BRAD BINDER KÖNNTE TOPRAK RAZGATLIOGLUS HILFE BRAUCHEN, WÄHREND SICH DIE ZUKUNFT VON BMW IM WORLD SUPERBIKE VERÄNDERT
3 Jul·

Die Zukunft von Brad Binder in der MotoGP gilt zunehmend als ungewiss. Der KTM-Pilot wird allgemein damit in Verbindung gebracht, dass sein Vertrag nach der Saison 2026 ausläuft – und im aktuellen Fahrerfeld ist keine klare Alternative erkennbar. Selbst ein Wechsel nach unten zum Satellitenteam Tech3 wird als unwahrscheinlich beschrieben, da KTM die längerfristigen Pläne bereits um eine Werksaufstellung für 2027 herum ausformt: Diese soll voraussichtlich Alex Marquez und Fabio Di Giannantonio umfassen, während Pedro Acosta zu Ducati wechseln soll. In demselben Bericht werden zudem Luca Marini und Senna Agius als Top-Kandidaten für Tech3 im Jahr 2027 genannt.

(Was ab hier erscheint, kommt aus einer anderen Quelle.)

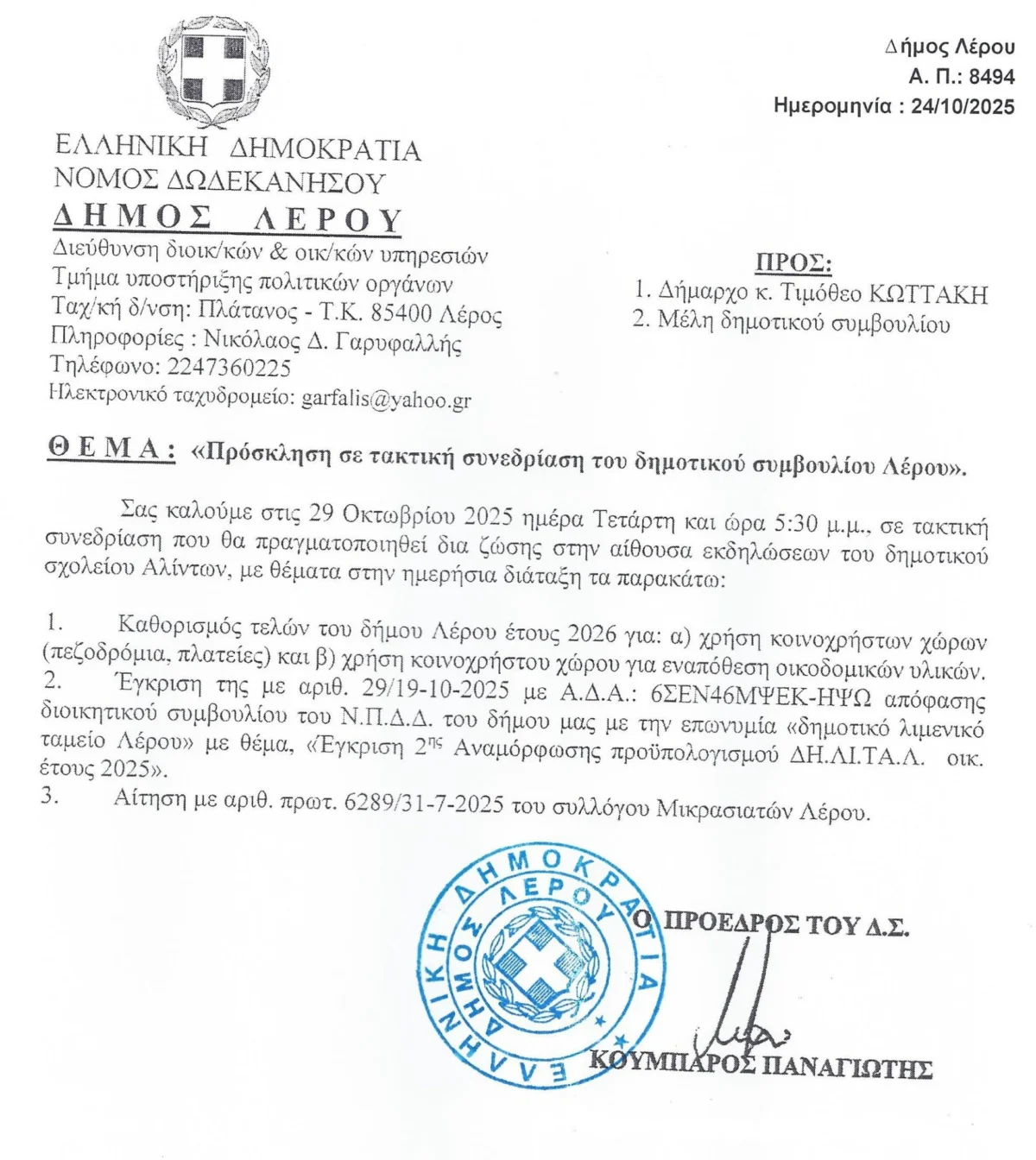 Την Τετάρτη 29 Οκτωβρίου 2025 και ώρα 5:30 μ.μ., θα συνεδριάσει το Δημοτικό Συμβούλιο Λέρου σε τακτική συνεδρίαση που θα πραγματοποιηθεί δια ζώσης στην αίθουσα εκδηλώσεων του Δημοτικού Σχολείου Αλίντων.
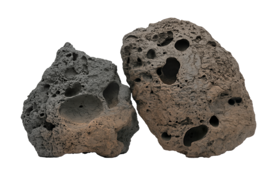 Two pieces of porous volcanic rock with a greyish-brown color and many visible holes, isolated on a white background.
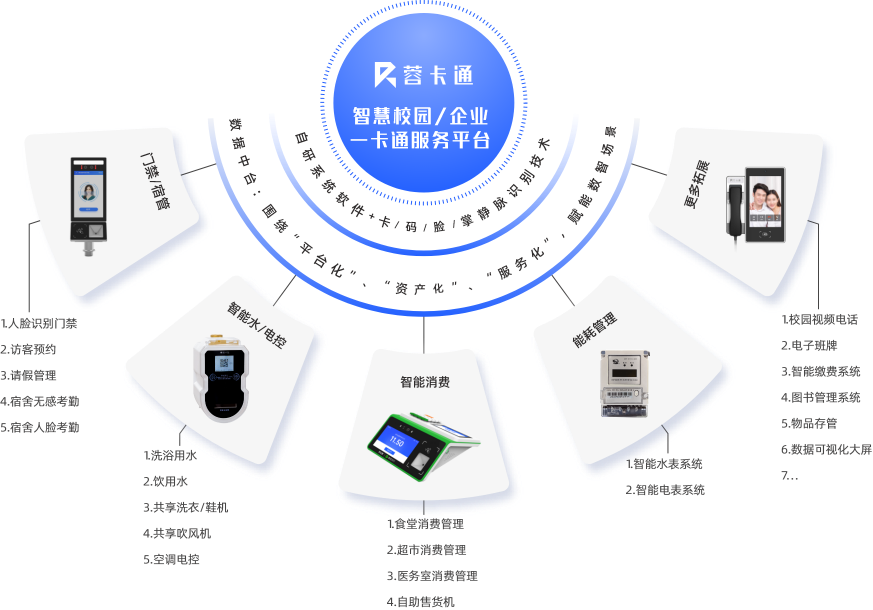 蓉卡通智慧校園/企業(yè)一卡通服務(wù)平臺(tái),基于B/S架構(gòu),采用“ 一平臺(tái)+一庫(kù)+N應(yīng)用” 的設(shè)計(jì)思路, 以3D人臉、掌靜脈識(shí)別、IC卡、CPU卡、二維碼、密碼…為介質(zhì),從高效軟件應(yīng)用和智能終端設(shè)備兩個(gè)方向, 全場(chǎng)景拓展智慧校園服務(wù)邊界, 著力打造一站式一卡通系統(tǒng)服務(wù)平臺(tái)。
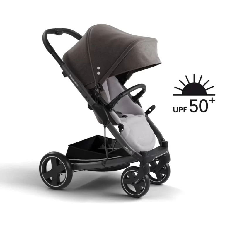 Tkanina UV50+ Ena od predpostavk pri oblikovanju vozičkov je varnost in zdravje otrok. Vse tkanine za vozičke imajo najvišjo UV50+ zaščito. Zahvaljujoč tej zaščiti škodljivi, močni UV-žarki ne pridejo v notranjost prenosne košare ali prekritega dela sedeža. Velika UV50 kapuca skoraj v celoti ščiti otroka, skrbi za njegovo zdravje in zaščito pred škodljivimi zunanjimi dejavniki.
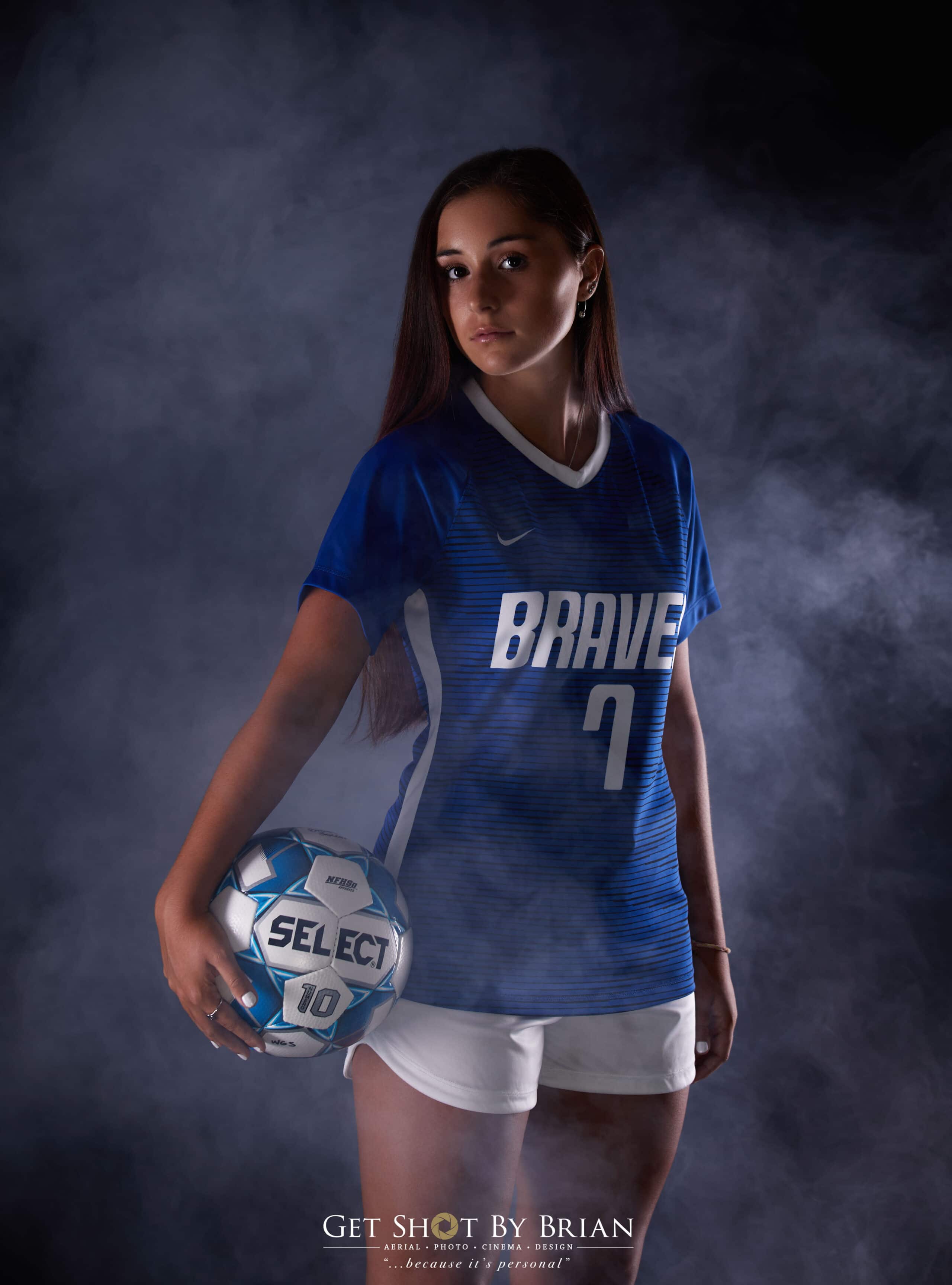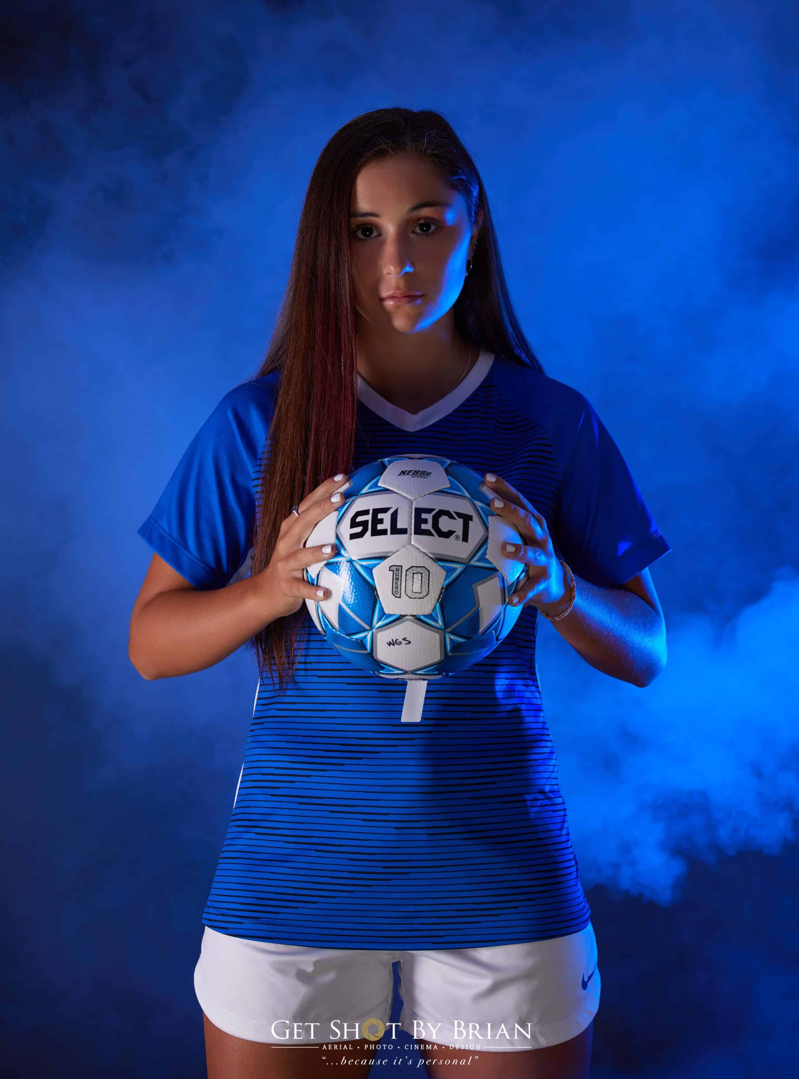 With Her Fashion Shots Done And Out Of The Way, We Then Began To Prepare For Her Soccer Look! Blue Lights And Smoke Really Brought Marisa’s Sports Vision To Life! Most Student-Athletes, We Have Had In The Past Were Involved In Multiple Sports; But Not Marisa! Soccer Has Always Been Her Focus; So, We Knew We Had To Make These Photos Special Just For Her!
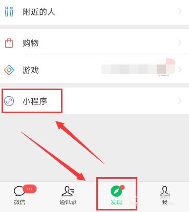 2、微信主界面,点击下方菜单“发现”—“小程序”。
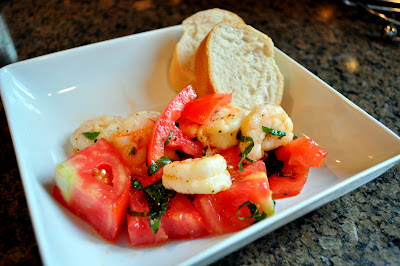 3.In a second large bowl, toss the shrimp, baguette, tomatoes, and basil with the lemon juice, the remaining 2 tablespoons of oil, ½ teaspoon salt, and ¼ teaspoon pepper.
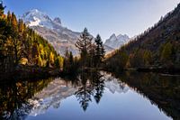 In dit geval wordt het bergmassief weerspiegeld in het bergmeer op de Col des Montets in het noordoosten van de Mont Blanc.
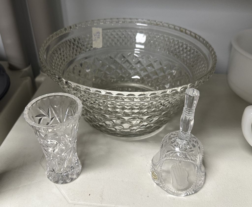 Vintage Pressed Glass Bowl, Vase, and Bell, Location Left Office-2 Vintage Pressed Glass Bowl, Vase, and Bell, Location Left Office-2

Da sich die MotoGP-Pfade damit verengen, rückt die World Superbike als mögliche Landestelle für Binder in den Fokus – insbesondere dann, wenn BMWs WSBK-Pläne neue Möglichkeiten eröffnen. Der entscheidende Entwicklungspunkt: BMW habe laut „Quellen“, die von GPOne zitiert werden, die Option nicht gezogen, Danilo Petrucci für 2027 zu behalten. BMW hatte bis zum 30. Juni Zeit, die Klausel für eine zweite Vertragsperiode zu ziehen. Verletzungen und mangelnde Form hätten dem Bericht zufolge jedoch dazu geführt, dass das Team mehr Zeit haben wollte, bevor es entscheidet, ob es Petrucci behält.
Petrucci war in dieser Saison zu BMW gekommen, gemeinsam mit Miguel Oliveira, nachdem der deutsche Hersteller auf eine komplett neue Aufstellung umgestellt hat. Auch Olivieras Lage könnte sich schnell ändern: Der Bericht hält fest, dass er darauf abzielt, Nicolo Bulega bei Ducati zu ersetzen – damit wäre seine Zukunft bei BMW möglicherweise nicht über das laufende Jahr hinaus gesichert.
Selbst falls BMWs Kader für 2027 flexibler wird, deutet der Bericht darauf hin, dass es womöglich nur einen einzigen Platz gibt. BMW soll versuchen, den Moto2-Standout Manuel Gonzalez für den Schritt in die WSBK zu gewinnen – was die Chancen für jeden neu hinzukommenden Fahrer begrenzen könnte.
Vor diesem Hintergrund argumentiert der Artikel, Binder solle sich an Toprak Razgatlioglu wenden, um Unterstützung für den Übergang zu bekommen. Die Begründung ist zweigeteilt: Erstens hat Razgatlioglu mit BMW in der WSBK bereits Erfolg gehabt und 2024 sowie 2025 jeweils hintereinander Titel gewonnen. Zweitens hebt der Bericht eine gemeinsame Fahridentität hervor: Beide gelten als Fahrer mit aggressiven Bremsstilen – Binder wird in der MotoGP im Vergleich zu Razgatlioglus Ansatz in der WSBK gegenübergestellt.
Der Bericht untermauert Razgatlioglus Dominanz mit konkreten Zahlen: Er gewann 2024 18 von 30 Rennen und 2025 21 von 36. Der Artikel legt nahe, dass Binder, falls er eine BMW-Möglichkeit sichern kann, in der Lage sein könnte, ähnlich hohe Erfolgsniveaus anzustreben.
Über BMW hinaus erwähnt der Bericht außerdem, dass Binders Agent Berichten zufolge Kontakt mit dem Ducati-World-Superbike-Team aufgenommen hat, um die Option zu besprechen, ihn als Ersatz für Nicolo Bulega einzusetzen. Zudem heißt es, dass Jeremy Debize sogar mit unabhängigen WSBK-Teams in Verbindung stand – ein Hinweis darauf, dass Binders Umfeld bereits mehrere Wege prüft, während sich die MotoGP-Optionen verengen.